Figure 7 displays the subject with no eye disease from Fig. 6(A). AOIs were selected on the neuroretinal rim. In this case, the single pulses from the right and left eyes are similar in amplitude (Fig. 7(B)) and in normalized pulse form (Fig. 7(D)). The pulses are also relatively stable over time as indicated in Fig. 7(C) for five pulses. Figure 7(D) displays the median of these five pulses with the standard deviation (bluish and reddish area). The increasing parts of the five pulses have small standard deviation (SD), whereas this is higher at the end of the decreasing part of the pulses.

3.4 Time delay between the eyes

Figure 8 displays the subject with macroangiopathy and plaque of the carotid communis from Fig. 6(C) in the same manner as the normal subject in Fig. 7. In this case, the single pulses from the right and left eyes differ in amplitude (Fig. 8(B)) and in pulse shape (Fig. 8(D)). The increasing parts of the pulses indicate a marginal time shift of approximately one frame (40 ms) between the eyes and the descending part indicates differences between the eyes. Whereas it is relatively flat for the right eye, it indicates higher variation for the left eye. The five individual pulses for both eyes displayed in Fig. 8(C) are more stable for the right eye compared to the left eye, which can also be observed in the median pulses and the SD displayed in Fig. 8(E).
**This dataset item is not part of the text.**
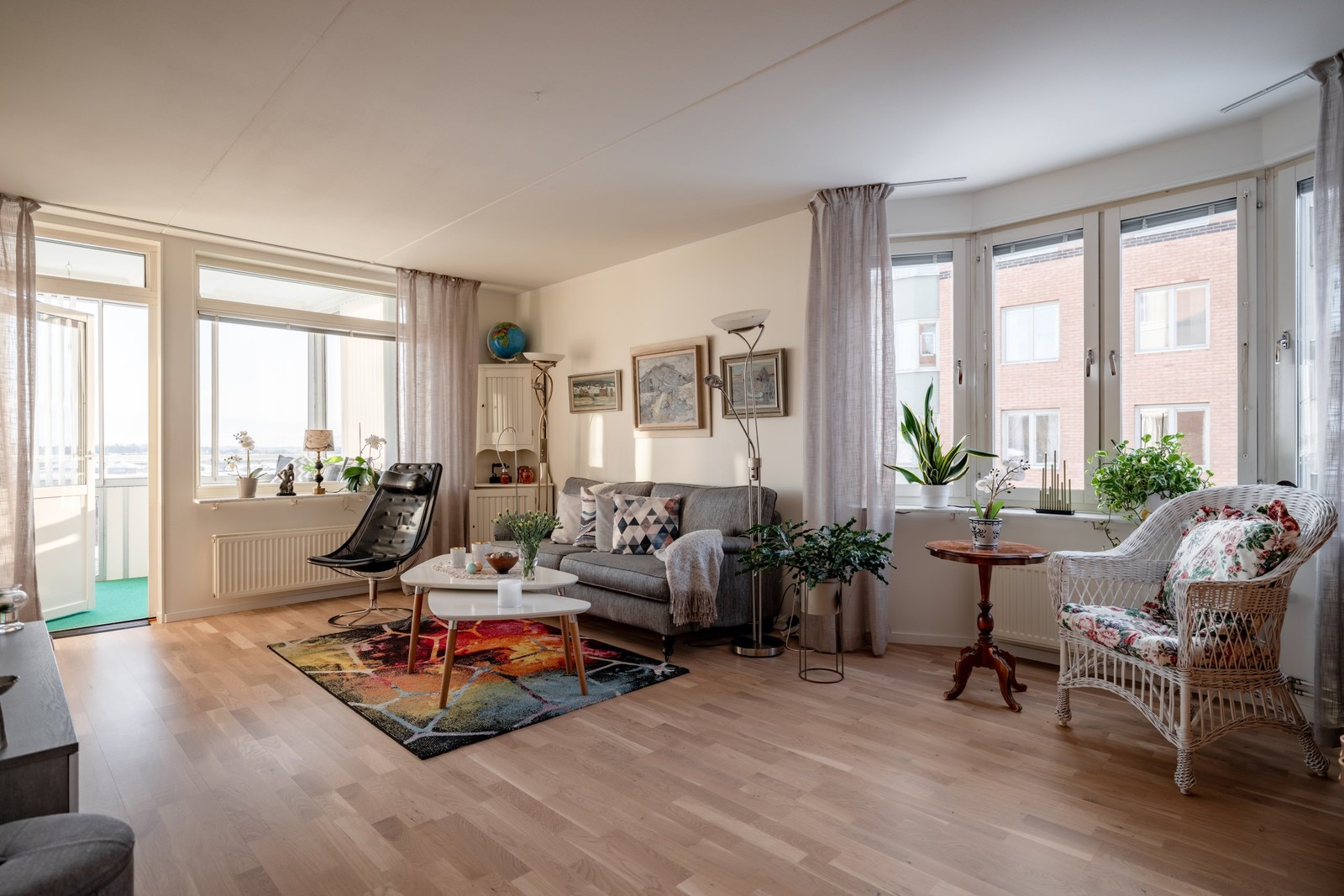 Ljust och rymligt vardagsrum med plats för både soffgrupp och övrigt möblemang. Rofyllt sovrum med anslutande klädkammare som erbjuder god förvaring. Helkaklat duschrum utrustat med handfat, wc och dusch samt tvättmaskin och torktumlare. Till lägenheten hör ett stort källarförråd med bekvämt avstånd från hissen.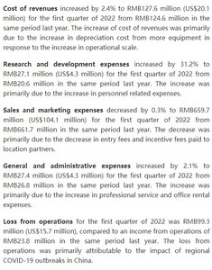 2022年第一季度,营收成本从去年同期的1.246亿元人民币增至1.276亿元人民币,增长2.4%。收入成本增加的主要原因是由于业务规模增加,设备增加,折旧成本增加。

3.5 Comparison of attenuation changes between different positions and both eyes

The spatial distribution of PAA(x,y) allows locating areas with high PAA, and positions to analyze the temporal change in absorption A(n) can be selected. Figure 9 displays the comparison of attenuation changes between different positions and both eyes. Corresponding AOIs were selected at the entire ONH and on small areas on retinal veins immediately after bifurcations of the vessels. The spontaneous vein pulsation can be observed in this sequence. Average frames of the selected video sequence and the spatial distribution of the pulsatile absorption amplitude PAA(x,y) are displayed in Fig. 9(A) and Fig. 9(B), respectively. The amplitudes at the ONH are similar between the eyes; however, the small AOIs on the veins immediately after a bifurcation indicate considerable higher attenuation changes than the ONH. To compare the pulse form, normalized single pulses are displayed in Fig. 9(D). There is high agreement in the pulse form for corresponding areas for both eyes, especially at the increasing part of the pulses, however the pulse form at the different positions within the eyes differ. The increasing part at the vessels is delayed compared to the ONH by approximately two frames (80 ms). The median (including SD) of five individual pulses for each AOI (Fig. 9(E) and Fig. 9(F)) indicate high stability of the pulses in this case.

 figure: Fig. 9

Fig. 9 Comparison of attenuation changes between different positions and both eyes. (A): Average frames of selected video sequence (30 frames) (Visualization 2) displaying selected AOIs (circles, ovals). (B): Spatial distribution of pulsatile absorption amplitude PAA(x,y) displayed in gray scale without color coding. (C): Change of attenuation A(n) in AOIs for one heartbeat. (D): Normalized change in intensity A(n) in AOIs. (E) and (F) display the median of five normalized pulses for the right and left eye, respectively, including standard deviation (bluish and reddish area). Visualization 2 display a changing vessel caliber (Vessel 1) and bending vessel (Vessel 2). Visualization 3 displays the spatial distribution A(x,y,n) of one heartbeat as a video sequence with Frame 3 as a reference.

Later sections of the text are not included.